Keeping a Broad Focus
With our twenty-four our news cycle we become obsessed with the story of the moment. Such a focus means we often do not see the big picture. Women’s issues are not to be overlooked even amidst our strife with autocracy. In America there is a struggle for the maintenance of women’s health care. In the Middle East women are struggling against their invisibility while they are being cloaked from sight. The stories are varied across the world but hold a common theme of suppression and resistance.
Which leads us to the necessity to question what is happening in the larger picture. In part, the larger picture is conveyed by Sally Armstrong in her book Uprising: A New Age Is Dawning for Every Mother’s Daughter. I’m a huge fan of this book because it helps us shape and understand the breadth of what is happening.
The Struggle with Change
In our day to day existence we often miss the impact of change even as it settles upon us personally. Today I sit here writing on my computer which did not exist not so long ago. I wanted to confirm the reference to Sally Armstrong’s book and had it within seconds. Looking back I see asymptotic changes in many areas. And I believe such changes are not merely happening in the world of technology. How we deal with them is another matter.
Culture Sweeps Us Along
Leslie White, the distinguished anthropologist, defined culture for us and referred to it as an extrasomatic stream since it flows outside of humankind. It is, indeed, a process and a stream which has a life of its own as it flows in us and around us. Calculus was “invented” by three people at the same time when they were not in contact with each other. The basis for calculus was in the stream.

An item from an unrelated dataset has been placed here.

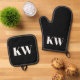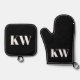 Modern Black White Monogram Initials Personalized Oven Mitt & Pot Holder Set

And now we have a stream process which is impacting the roles of women which means all of us. I would contend that we have a process of incalculable meaning. This is not a battle for just one issue like equality of pay or reproductive rights. This is a monumental movement. After all of human history we are seeing women coming to power and that means true partnership with men.
Choosing the Core
It was precisely because of this groundswell that is becoming an asymptote that I chose women as the moving force in my trilogy of Gaia’s Majesty. Put it how you will, we are seeing something which will almost surely be transformational for humanity and the benefits we are only just now beginning to see. Women are more social, less inclined to put power first and offer a range of creativity among other things. As they rise amongst us it will surely have beneficial effects we can only dimly perceive. But it will involve monumental struggle. The shape of the transformation is yet to come into view.
What form of transformation do you want or expect?